[Opening SOURCE MATERIAL section]

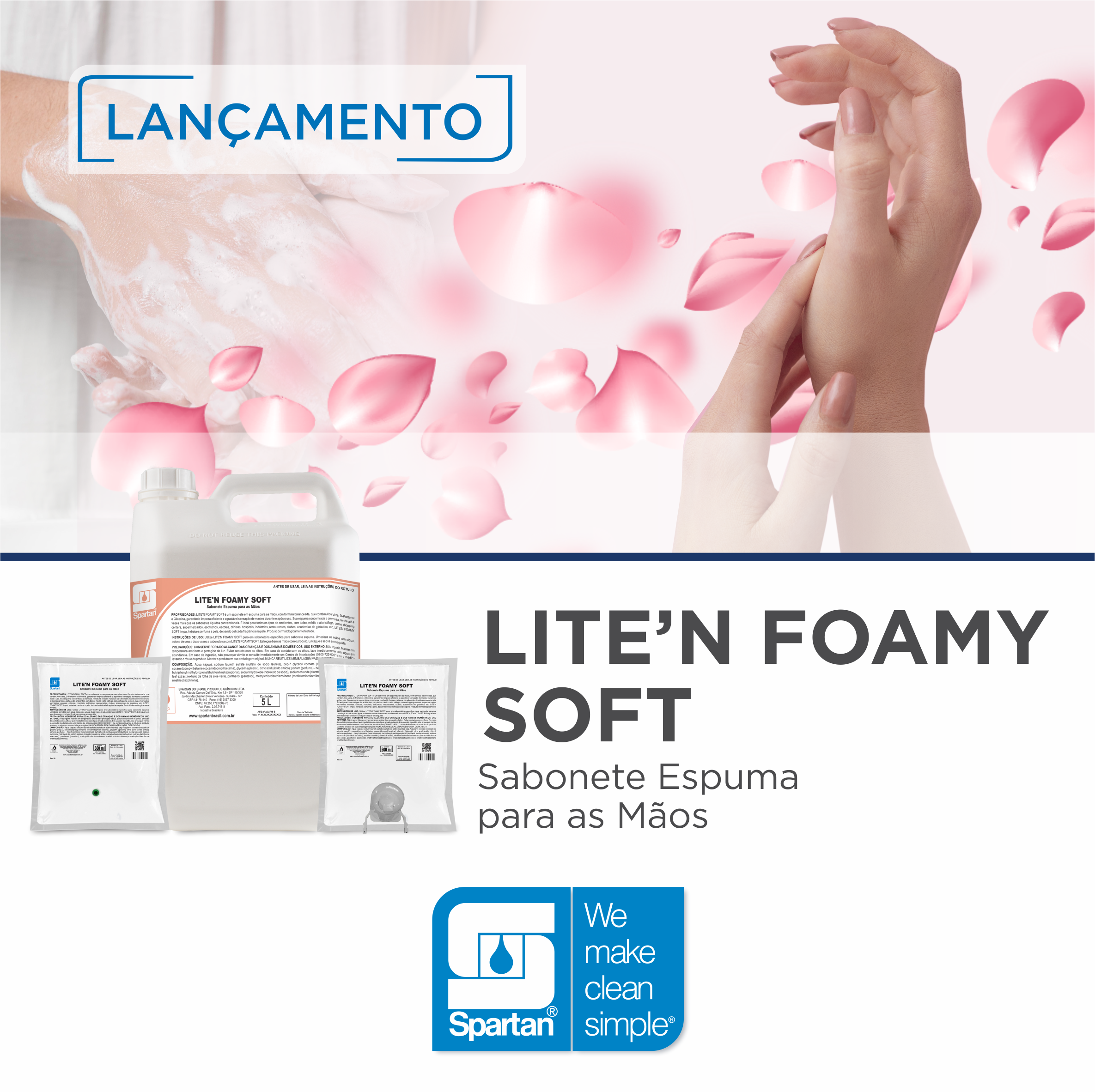 O Lite’n Foamy Soft, da Spartan do Brasil, é um sabonete em espuma para as mãos, formulado para proporcionar limpeza eficiente, hidratação e suavidade durante e após o uso.
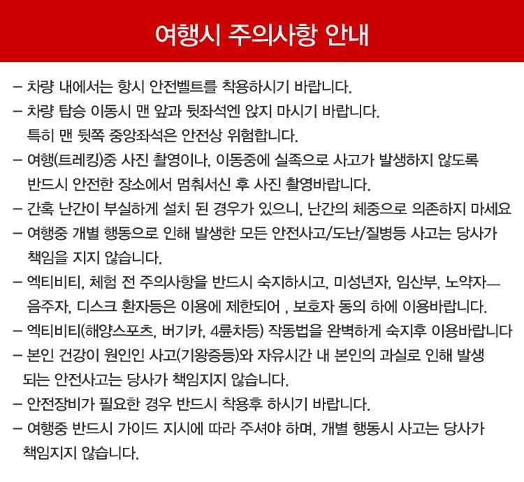 ・본 상품은 현지사정(교통, 기상변화 등)에 의해 일정이 변경 될 수 도 있습니다.
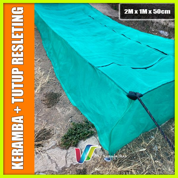 BEST SELLER Keramba ikan Premium waring jaring kasa hijau plus tutup resleting ukuran 2x1x50 berkualitas terbaik
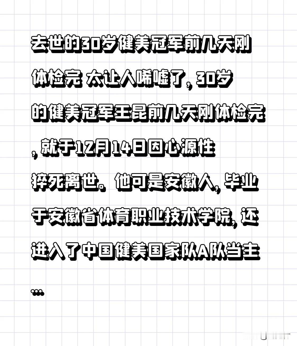 去世的30岁健美冠军前几天刚体检完 前几天刚体检完的30岁健美冠军离世,实在令人唏嘘。30岁的安徽健美冠军王昆,毕业于安徽省体育职业技术学院,入选中国健美国家队A队成为主力,斩获诸多赛事冠军,如CBBA全国健美精英职业联赛八连冠,2022年还在泰国职业卡资格赛表现出色。他于12月14日因心源性猝死离世。 王昆坚持十年“苦行僧”式健身,过年也只吃水煮鸡胸肉。有人认为他的离世或与类固醇有关,长期依赖蛋白粉、过度挑战身体极限所致。如此年轻且成就斐然的人离去,着实让人惋惜。这也提醒大家思考健身与健康的平衡。 小伙去世 健身后死亡
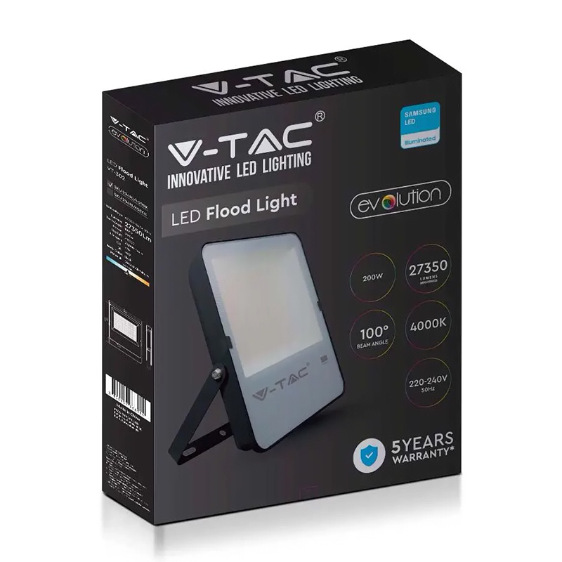 V-Tac REFLECTOR LED SMD 200W 137LM/W 4000K IP65 CIP SAMSUNG - NEGRU/GRI
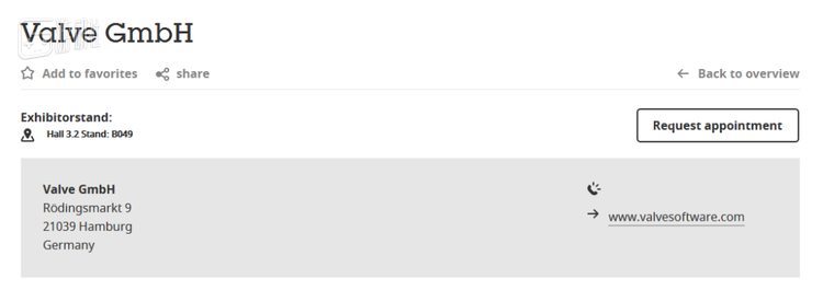 就在大家快乐地沉浸在脑补状态时,V社资讯视频播主Valve News Network却泼了一桶凉水。他表示,今年科隆展参展名单中的Valve GmbH只是V社在德国开设的商务/法务部门,其参展区域也设置在只向游戏开发者开放的展厅中。换言之,V社不大可能会在今年的科隆展上展示其游戏作品。
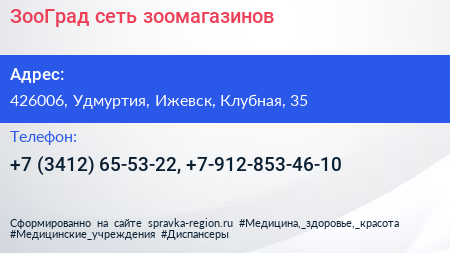 ЗооГрад, сеть зоомагазинов по адресу 426006, Удмуртия, Ижевск, Клубная, 35 в дальнейшем Организация, размещена в следующих категориях:
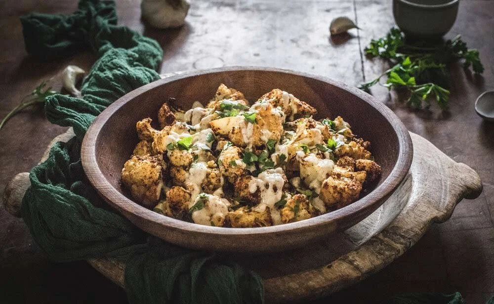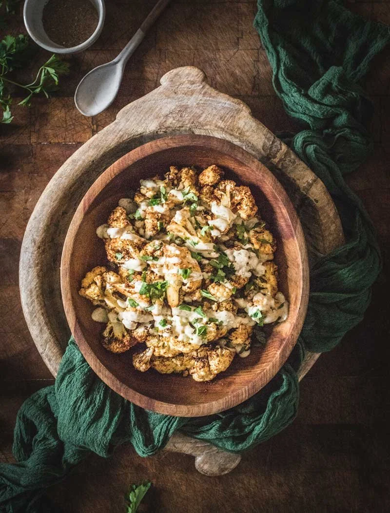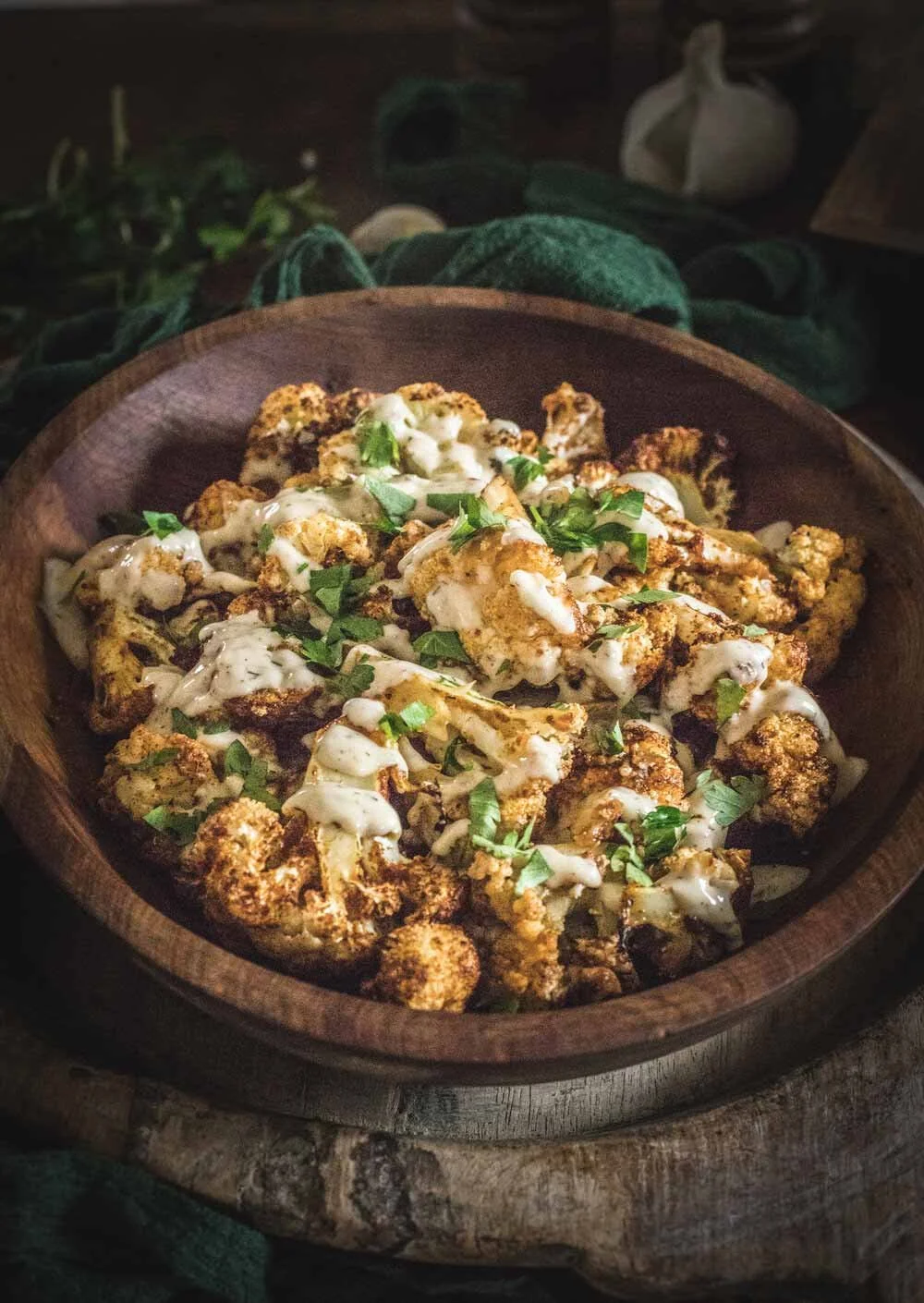 This recipe was born when our family harvested a plethora of heirloom cauliflower from our spring garden and I was considering an exciting way to serve it. Blackened cauliflower is a simple and deeply flavorful side dish to accentuate any wholesome meal. The addition of vibrant blackened seasoning and creamy ranch dressing takes the humble cauliflower to the next level. Please feel free to adjust the amount of cayenne and blackened seasoning used on the cauliflower to suit your family’s taste preferences.
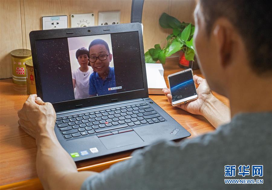 6月18日,在天津港南疆港区,“金海发”轮船长吕良鹏与家人视频。在航行期间,大部分时间是没有手机信号的。新华社记者 才扬 摄
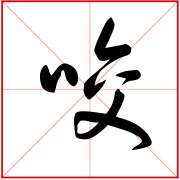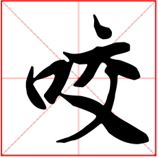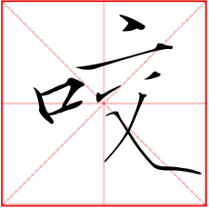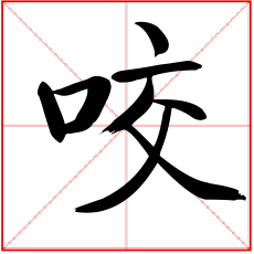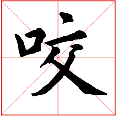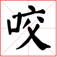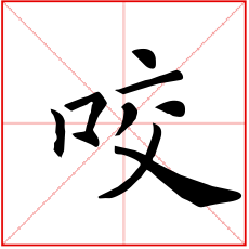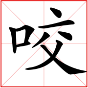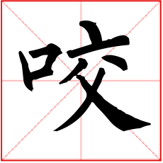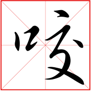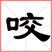(形声。从口,交声。《说文》本从“齿”。本义:用牙齿把东西夹住或切断弄碎)

[Closing SOURCE MATERIAL section]

EXERCISE PROMPT >> Repeat only the lines from the line with "ЗооГрад, сеть зоомагазинов" to the end of the entries, including both the first and the last line, and drop every picture.

ANSWER TO THE PROBLEM >>
 ЗооГрад, сеть зоомагазинов по адресу 426006, Удмуртия, Ижевск, Клубная, 35 в дальнейшем Организация, размещена в следующих категориях:
 This recipe was born when our family harvested a plethora of heirloom cauliflower from our spring garden and I was considering an exciting way to serve it. Blackened cauliflower is a simple and deeply flavorful side dish to accentuate any wholesome meal. The addition of vibrant blackened seasoning and creamy ranch dressing takes the humble cauliflower to the next level. Please feel free to adjust the amount of cayenne and blackened seasoning used on the cauliflower to suit your family’s taste preferences.
 6月18日,在天津港南疆港区,“金海发”轮船长吕良鹏与家人视频。在航行期间,大部分时间是没有手机信号的。新华社记者 才扬 摄
(形声。从口,交声。《说文》本从“齿”。本义:用牙齿把东西夹住或切断弄碎)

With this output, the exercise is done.